Loan growth strong but investor segment slips

30 November 2015

Loans to the private sector again grew at a robust rate in October, in line with September’s growth rate. Figures released by the RBA showed loans made to businesses and loans made for housing were the drivers of the higher-than-expected figures, with total credit rising 0.7% for the month compared to the 0.7% revised figure for September. Total credit grew by 6.7% in the year to October, slightly higher than the revised figure of 6.6% for September.

Business loans, which accounted for 33% of all loan growth in the month, grew by 1.0%, down from the previous month’s 1.1% while housing loans which account for just over 60% of monthly loan growth, grew by 0.6%. Personal loans contracted by 0.3% in October, down from the 0.1% growth in September. In the housing component, “owner-occupier” housing grew at 0.7%, the same as September’s 0.7% while investor loans growth grew by 0.4%, down from September’s 0.5%. This brings the investor loans segment below an annual growth rate of 10%, which should please APRA.

credit growth

The RBA made an indirect comment in the lower housing investor growth numbers in the release by saying referring to banks change in policy to investor loans. “Following the introduction of an interest rate differential between loans to investors and owner-occupiers a number of borrowers have changed the purpose of their existing loan; the net value of switching of loan purpose from investor to owner-occupier is estimated to have been $30.6 billion over the period of July 2015 to October 2015.”

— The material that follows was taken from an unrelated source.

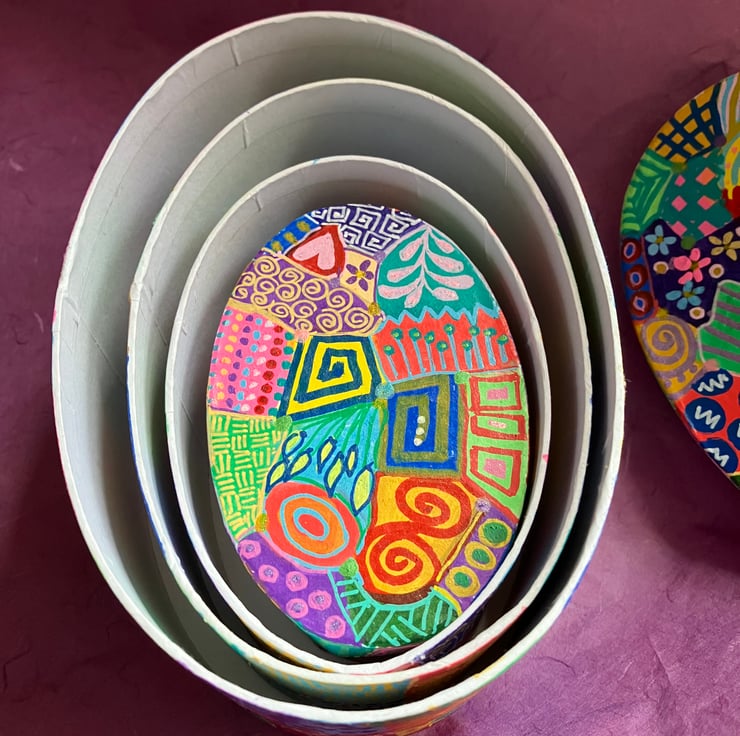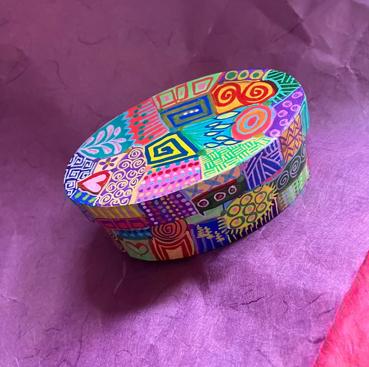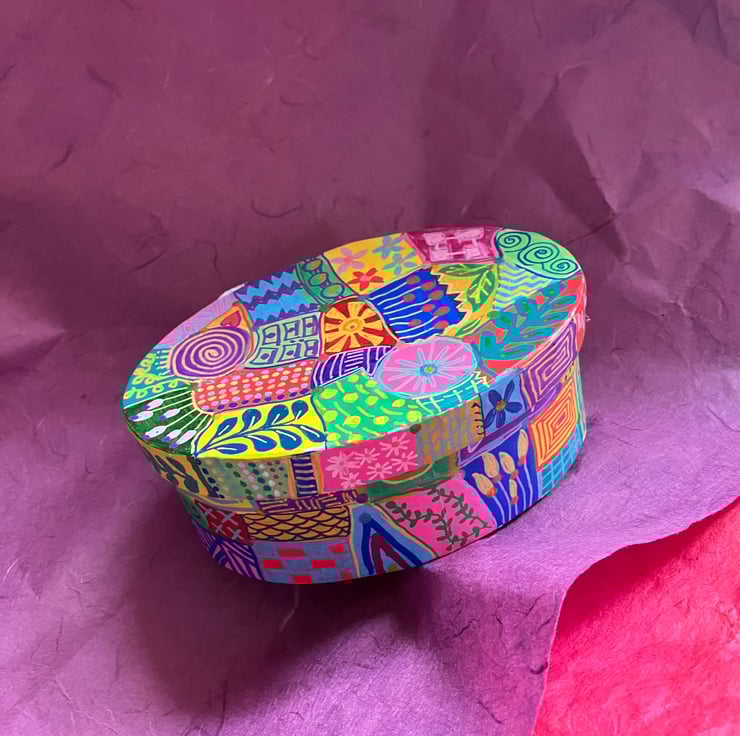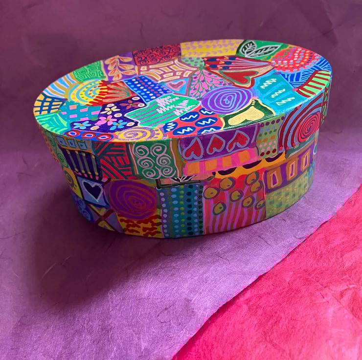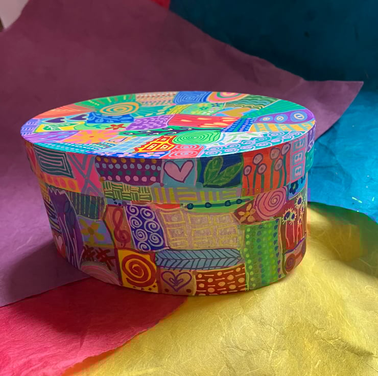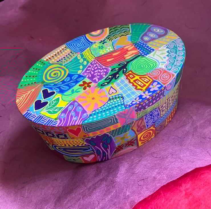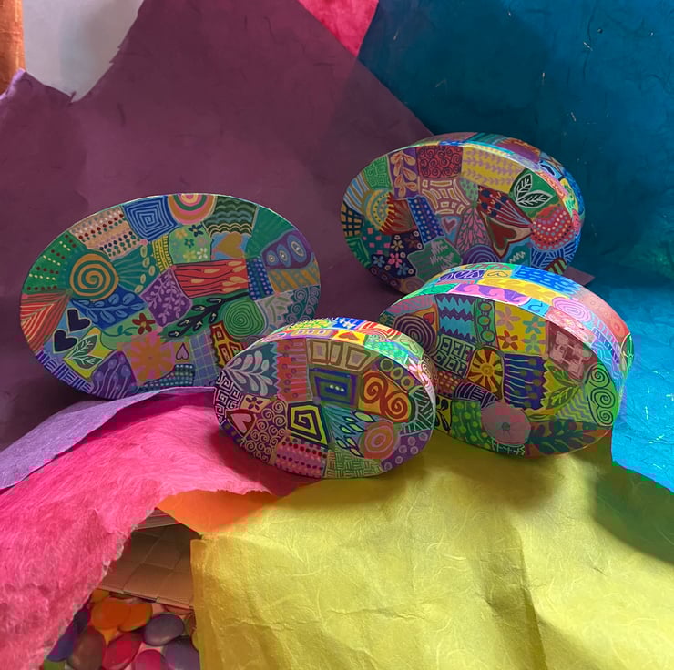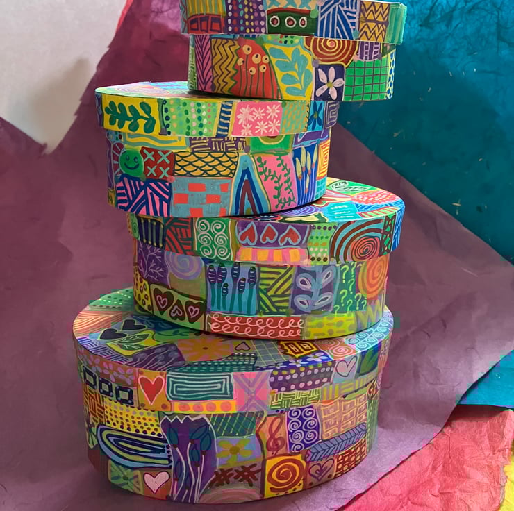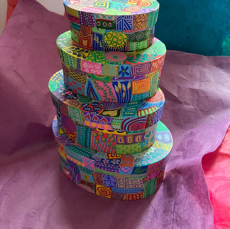 Here we have a set of 4 oval and strong cardboard gift boxes in 4 different sizes. They have been hand painted on the outside in a variety of glorious colours featuring Cats in the House doodles.

Westpac noted how growth in the business loans segment had exceeded expectations which had been built on other available finance data. It also suggested Part of the strength in this segment came from what it termed a “valuation effect – the depreciation of the currency raises the Australian dollar value of existing foreign currency denominated debt”. All in all the bank now expects business credit growth to be about 5% annualised.